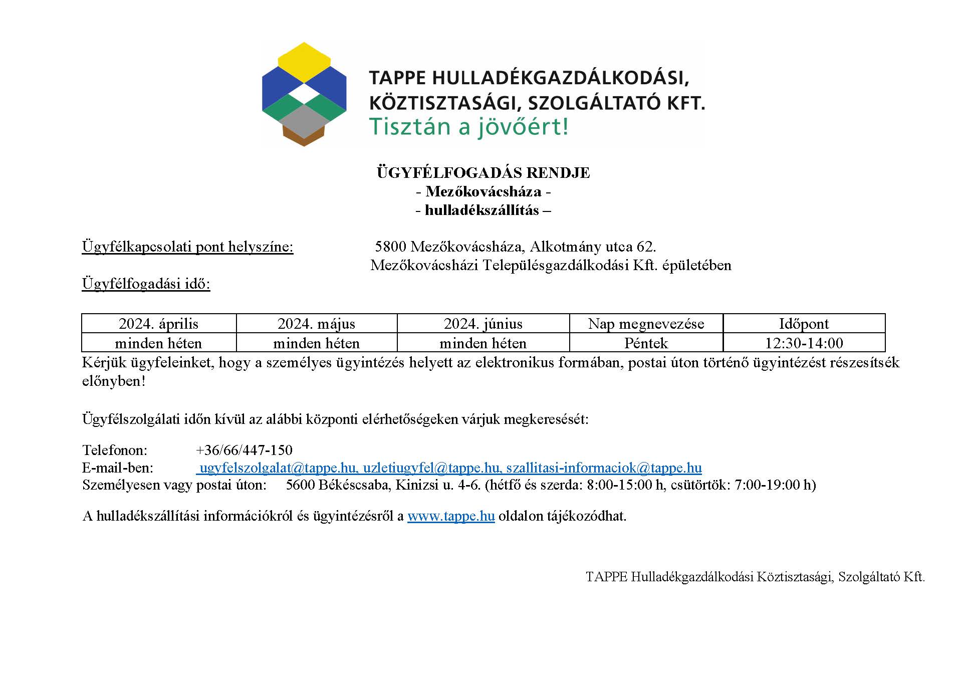 A TAPPE Hulladékgazdálkodási Köztisztasági, Szolgáltató Kft. értesíti a Lakosságot, hogy 2024. május 13-án (hétfőn) LOMTALANÍTÁSI NAPOT tart.
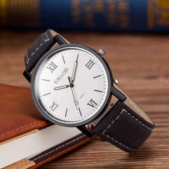 时光一百Smileyes系列 商务休闲罗马数字皮带石英男表
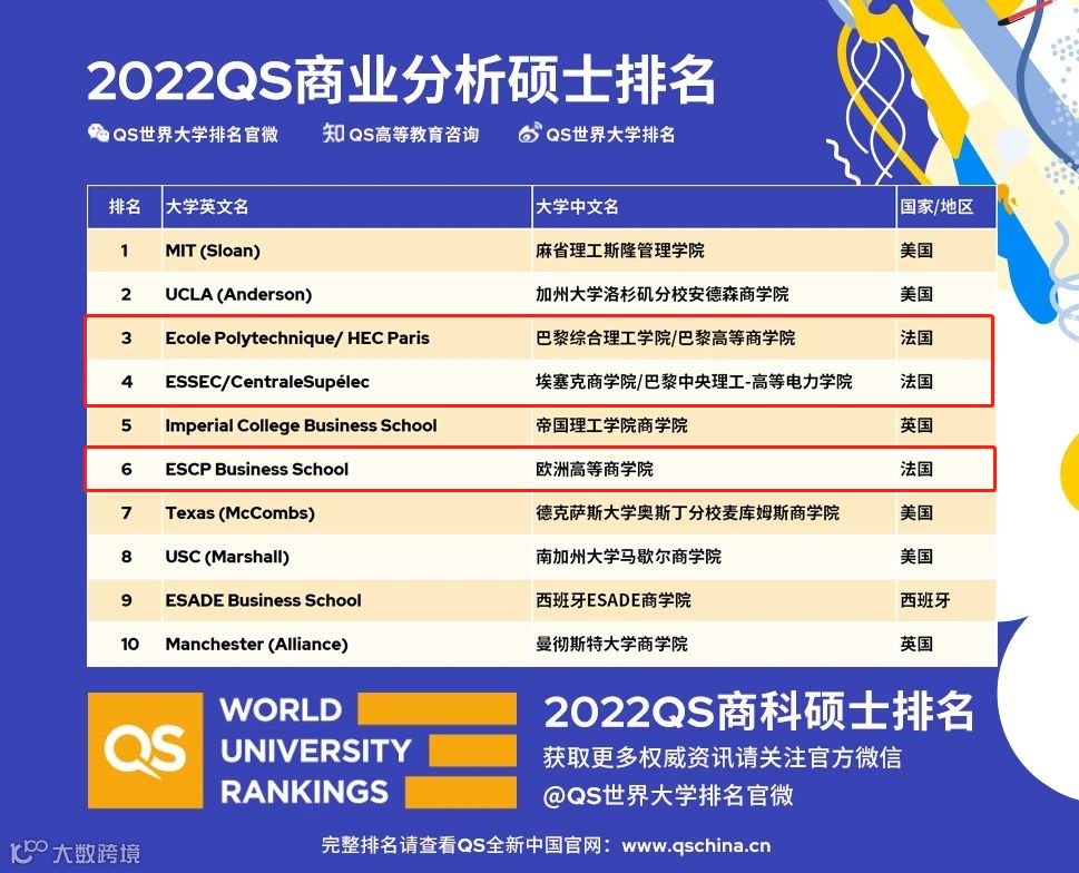 下面就让我们一起来看看商科硕士排名中法国院校的表现吧~
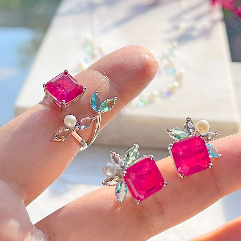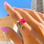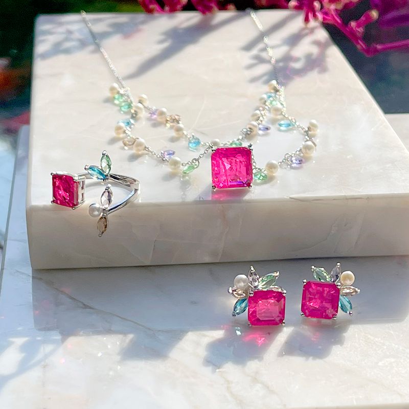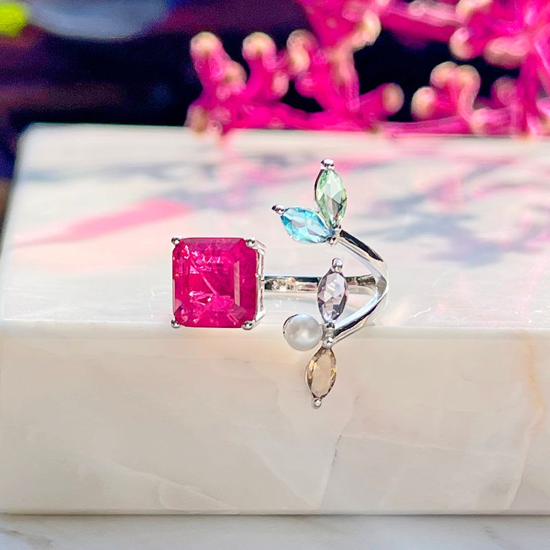 Com design moderno, o anel de prata 925 vem fusion turmalina rosa quadrada com cristais de topázio azul, pérola e ametista verde.

▶ _Work to be completed_
The line containing "时光一百Smileyes系列 商务休闲罗马数字皮带石英男表" and each line after it through the end of the listing above are to be written out exactly, without the pictures.

▶ _Written response_
 时光一百Smileyes系列 商务休闲罗马数字皮带石英男表
 下面就让我们一起来看看商科硕士排名中法国院校的表现吧~
 Com design moderno, o anel de prata 925 vem fusion turmalina rosa quadrada com cristais de topázio azul, pérola e ametista verde.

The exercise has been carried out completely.